There has been a significant fall in inflation in Indonesia and the central bank has adopted a credible approach to its rate cut cycle. It is pushing lower short- and long-term inflation expectations, making bonds more attractive.

In Malaysia, the 1MDB scandal continues to be the key political risk due to the knock-on effect that has had on Najib Razak’s premiership – with the possibility of early elections being called in 2017. Among global currencies, the Malaysian ringgit has one of the highest embedded political risk premia, second only to the Mexican peso. The cheap levels of the currency can compensate investors for taking risk in the country.

India is a consensus long in the market, although there is a relatively limited choice available on the debt side. The local bond market is fairly closed off to foreign investors and there is no dollar-denominated debt outstanding. Amundi likes the Indian rupee, which offers a relatively high level of yield and low volatility.

China risks

Amundi perceives tail risks in China, which leads to a more cautious approach to the rest of the region (see also box, Risks on the horizon). They are underweight China itself, as well as countries within Asia perceived as being most exposed to China, such as South Korea, Singapore, Thailand and Taiwan.

Within the fixed income asset class, these countries are among the lowest yielding group in all emerging markets. Therefore the upside for being overweight is small – as is the cost of being underweight. Being underweight there gives an investor the chance to hedge exposure risks emanating from China.

Risks on the horizon

There are any number of concerns among investors at present – among the most prominent are China’s economic slowdown and rising debt, potential interest rate rises (above all in the US) and global political risks. (Click on chart below.)

Amundi’s base case does not foresee a hard landing in China’s economy. Growth there has been stabilising and they predict a soft landing. However, whilst the fund house is relatively comfortable with the country, it feels China represents the biggest tail risk to emerging markets.

Amundi’s biggest concern is about debt levels in China’s corporate sector. Debt-to-GDP in China’s corporate sector is about 130% and the pace of debt build-up has been very fast. The Bank for International Settlements published a paper in September saying that countries which seen their debt grow at the same pace as China’s have experienced financial crises.

The difference between China and those countries is that the former has been borrowing internally. It therefore does not have an external debt problem. China still generates a large current account surplus and its ability to refinance any external debt is still strong.

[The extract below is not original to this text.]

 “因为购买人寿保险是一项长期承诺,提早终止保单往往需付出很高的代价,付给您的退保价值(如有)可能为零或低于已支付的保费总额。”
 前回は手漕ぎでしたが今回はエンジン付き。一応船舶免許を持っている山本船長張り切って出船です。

In addition, a great deal of corporate debt is quasi-government debt. Whilst internalising any debt onto the government’s balance sheet is not a ‘free lunch’, and would affect the country’s credit quality at a government level, it does provide a cushion over the next few years.

Potential interest rate rises are a concern of emerging market investors. However, Amundi feels that investors have become increasingly comfortable about the Federal Reserve’s interest rate policy.

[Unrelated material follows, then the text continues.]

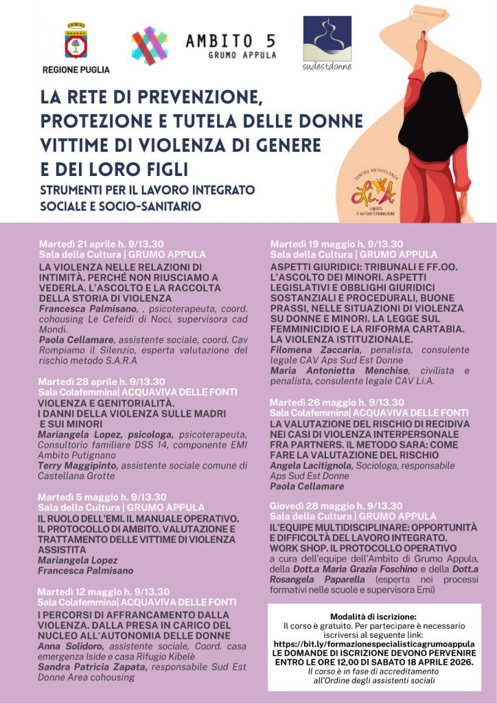 ID 109176 Sud Est Donna, a partire dal 21 aprile Grumo Appula e Acquaviva delle Fonti, Corso “la rete di prevenzione, protezione e tutela delle donne vittime di violenza di genere e dei loro figli”, 21 crediti formativi e 10 crediti deontologici

Political risk is a feature of emerging markets, given they tend to have weaker institutions – ones that yield more political volatility.

Amundi thinks that the resolution of uncertainties will play to the advantage of emerging markets. For example, in South Africa this year, the African National Congress received the lowest share of vote since the end of apartheid. This is a reflection of how market-unfriendly policy measures are backfiring.

There is a divergence in political dynamics globally. In developed markets (North America and Europe) there are signs of deterioration. This makes emerging markets more attractive, because whilst investors get paid for taking political risk in emerging markets, they do not in developed markets.

 

Amundi’s biggest exposure is to Latin America, a relatively unloved region in recent years, in the context of falling commodity prices and rising political risk.

“We have seen a number of improvements. including the stabilisation in commodity prices. The currency depreciations of past years is starting to bear fruit, as exemplified by the significant improvement in Brazil’s current account balance,” said Abbas Ameli-Renani, Global Emerging Markets Strategist at Amundi, who specialises in fixed income.

“Valuations are very attractive. After three years of poor performance, Latin American countries are now compensating investors for the risks.”

A key theme in Latin America is an improving political dynamic. When commodity prices rise, typically governments in emerging markets have abundant fiscal revenue that leads to more spending and a gradual turn leftwards in the political spectrum. As commodity prices fell, loose fiscal policies stopped working and the electorate – in countries like Argentina, Peru and Brazil – saw the inefficiency of that approach.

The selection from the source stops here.